Whether you are Team Android or Team iPhone anyone can appreciate a well-built phone, and that’s what we are going to find out. Can the matte black iPhone 7 survive a durability test?
Let’s start with the scratch test. Using a set of mineral pick we can tell where the hardness of the glass falls on the Moh’s Scale of Hardness. Sapphire Glass would be around an 8 or 9 on Moh’s Scale, or on plastic screens like on the Galaxy S7 Active scratch at level 3. Normally the average smartphone will scratch at a level 6, and this appears to be the case with this new iPhone 7. It is on par with the typical flagship smartphone screen hardness. Coins and keys won’t scratch it, but you should keep it protected anyway, they are still plenty of abrasive materials in the environment hiding in your pockets of your jeans or purse that can cause scratches to the screen of your phone.
Let’s jump down to the Home Button, or better said, the “Home Touchpad,” now since it does not click anymore. There have been rumors that the home button and camera lens are made of Sapphire, which would make them extremely scratch resistant, nearing the point of diamonds, which would be awesome. Some smartphones, like the Galaxy phones, use a plastic home button that can scratch easily, but so far the iPhone 7’s touchpad can resist scratching from a razor blade. But, is it Sapphire or just normal glass? The easiest way to find out is using the hardness picks. Like I mentioned earlier glass will scratch at a 6 or 6, but the Sapphire should be around an 8 or 9. Since this button had a deep scratch with a level 6 pick we know for sure that it is regular glass and not Sapphire.
The earpiece is made of metal and is very solidly stuck in place. It won’t be sliding around or falling out like the old iPhone 4s did. Now with the back aluminum the matte black version holds up very well to keys scratching it. You can hardly tell that it’s been scratched. Razor blades on the other hand will scratch the phone just fine.
Now for the camera lens. There is a glass piece protecting the new 12MP camera inside of the phone, and it’s definitely scratch resistant which is great, the razor blade test does nothing to it. But the question remains: is it Sapphire? It still scratches deeply with a level 6 pick, so it doesn’t look like anything on this phone is Sapphire. Sapphire does have its pros and cons, but we’ll save that for another time.

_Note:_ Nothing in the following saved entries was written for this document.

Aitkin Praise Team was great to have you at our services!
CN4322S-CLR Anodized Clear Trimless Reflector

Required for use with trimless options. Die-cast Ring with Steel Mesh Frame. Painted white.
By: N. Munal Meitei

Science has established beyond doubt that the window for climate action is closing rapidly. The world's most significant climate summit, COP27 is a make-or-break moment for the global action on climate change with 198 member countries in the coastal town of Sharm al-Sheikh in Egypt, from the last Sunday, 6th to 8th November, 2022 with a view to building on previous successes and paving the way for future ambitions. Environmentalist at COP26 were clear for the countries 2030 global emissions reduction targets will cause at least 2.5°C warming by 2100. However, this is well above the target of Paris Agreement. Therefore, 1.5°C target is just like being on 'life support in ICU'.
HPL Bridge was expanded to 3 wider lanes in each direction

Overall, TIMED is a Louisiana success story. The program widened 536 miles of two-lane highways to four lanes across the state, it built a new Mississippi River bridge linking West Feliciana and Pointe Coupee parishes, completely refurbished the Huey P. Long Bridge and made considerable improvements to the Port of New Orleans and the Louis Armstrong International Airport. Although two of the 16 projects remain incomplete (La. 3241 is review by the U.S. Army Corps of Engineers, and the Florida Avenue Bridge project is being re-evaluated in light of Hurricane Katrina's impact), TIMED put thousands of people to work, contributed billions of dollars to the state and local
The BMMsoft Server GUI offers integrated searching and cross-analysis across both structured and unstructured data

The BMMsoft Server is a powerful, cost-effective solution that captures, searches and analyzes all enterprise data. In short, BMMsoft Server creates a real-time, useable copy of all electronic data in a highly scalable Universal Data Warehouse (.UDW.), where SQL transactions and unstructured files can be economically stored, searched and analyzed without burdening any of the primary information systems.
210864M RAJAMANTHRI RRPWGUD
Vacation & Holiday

Next to the camera lens we have what Apple’s calling a “Quad LED True Tone Flash”. Initially we thought that this might be four different colored LEDs, bringing even more life to pictures than just the dual colored flash would. While indeed there are four LEDs, it is still just the normal two colors that the iPhone 6 has. The flash is just brighter now because there are more LEDs, which is still good.

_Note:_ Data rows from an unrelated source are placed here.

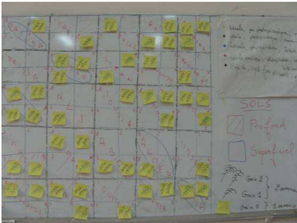
FIG 2 : Display of fields and harvest level on white board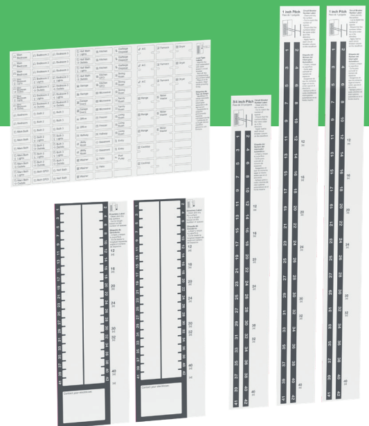
UCD42CP Universal Circuit Directory Kit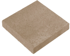
15x15 Courtyard Stone 14.76" x 14.76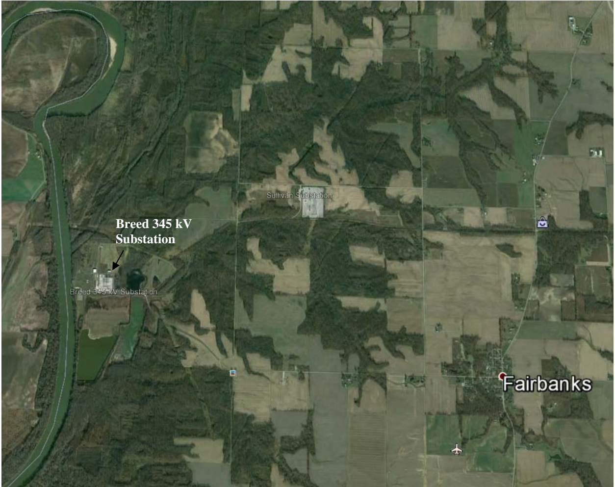
Figure 2 –Location of Breed 345 kV Substation near Fairbanks Indiana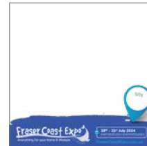
Social Media Post Template 2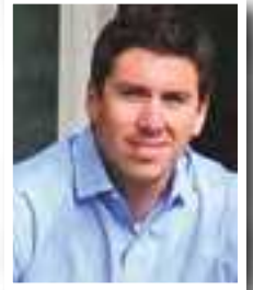
By Brendan Charters

EXPERTS DISH OUT ON THE LATEST IN KITCHEN UPGRADES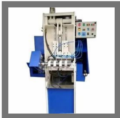
Automatic Soap Stamping Machine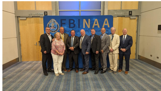
Eastern Pennsylvania Chapter Representatives at the FBINAA National Conference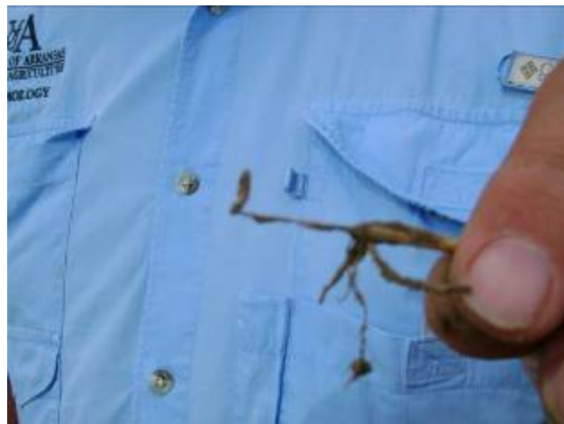
Girdling of the root by GC.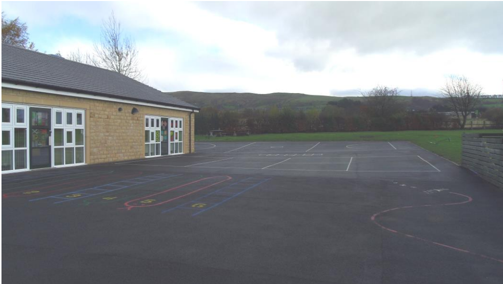
School Playing Fields to rear of School building

The school has recently carried out an audit of accessibility to the school by those with disabilities. The results of this audit have informed an accessibility plan, which covers future policies for increasing access by those with disabilities to the school. During the year we received outreach support from the SEND Service, Educational Psychology Service, Visual Impaired Unit, Speech and Language Therapy and Occupational Therapy. All these services have provided input, advice and oversight of Support Assistants in school.

Checking out the build quality of the rest of the phone we find out that the buttons are metal. Which is ideal because plastic buttons tend to discolor or pop out more often than metal buttons do. So, thumbs up to Apple for sticking with quality materials. The antenna bands are still plastic, but that’s also a necessity with Apple’s design at this point in time. If you remove these antenna bands you won’t have any cellular connection.
Looking on the bottom you will see where the headphone jack doesn’t exist. This is a problem on multiple levels, but we’ll touch on that on a separate note all together. However, looking at it from purely a durability perspective this is an extremely bad move. Just like any piece of electronics, the charging port component has a finite lifespan; nothing lasts forever. It’s designed to withstand a certain amount of physical wear and tear.

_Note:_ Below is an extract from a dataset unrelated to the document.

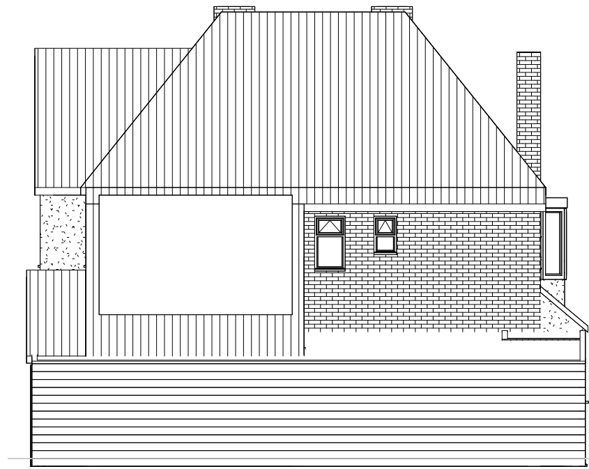
1 Existing Side A Elevation 1 : 100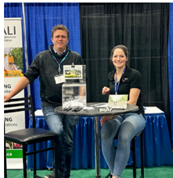
Pacific Agriculture Show

This means that it could withstand 5,000 or 10,000 plugs and unplugs, nobody knows the exact answer but Apple, but essentially because Apple is combining the the headphone jack and the charging port into one, we have at least two accessories using the same single port. Doubling the rate of wear and tear. So, once this singular lightning port dies, or reaches the end of its lifespan, your phone is toast. There’s no backup either. If you are a person that has ever had a charging port stop working on a previous phone, you can sit back and watch your iPhone 7 port die in half the time. I guess you could avoid that by forking over the dough to buy the wireless headphones which is what Apple wants you to do anyhow.
On to the burn test. The IPS LCD of the iPhone 7 lasted almost 10 seconds under the direct contact with flame, before the pixels got hot and turned off, going completely black. It is interesting to see which screens recover and which ones don’t. Samsung AMOLED screens currently turn white and do not recover from the flame. However, the iPhone 7 completely recovered and functioned as normal. It is cool to the touch within seconds.
Finally, the bend test. The iPhone 6 had a nifty little trick that would permanently match the phone to the curve of your body if you ever sat on it. The iPhone 7 does not appear to be as flexible. It is interesting to watch the waterproofing adhesive between the frame of the phone and the screen tear if you heavily flex the phone. So while the iPhone 7 won’t suffer from Bendgate or catastrophic failure, it’s probably best to still not sit on it, for the purpose of keeping the water resistance intact. Once that adhesive is torn, it will not be as resistant as it once was. Please read out our previous post on how water resistant iPhone 7 is.
Overall Apple has made another quality phone and you can appreciate its build quality.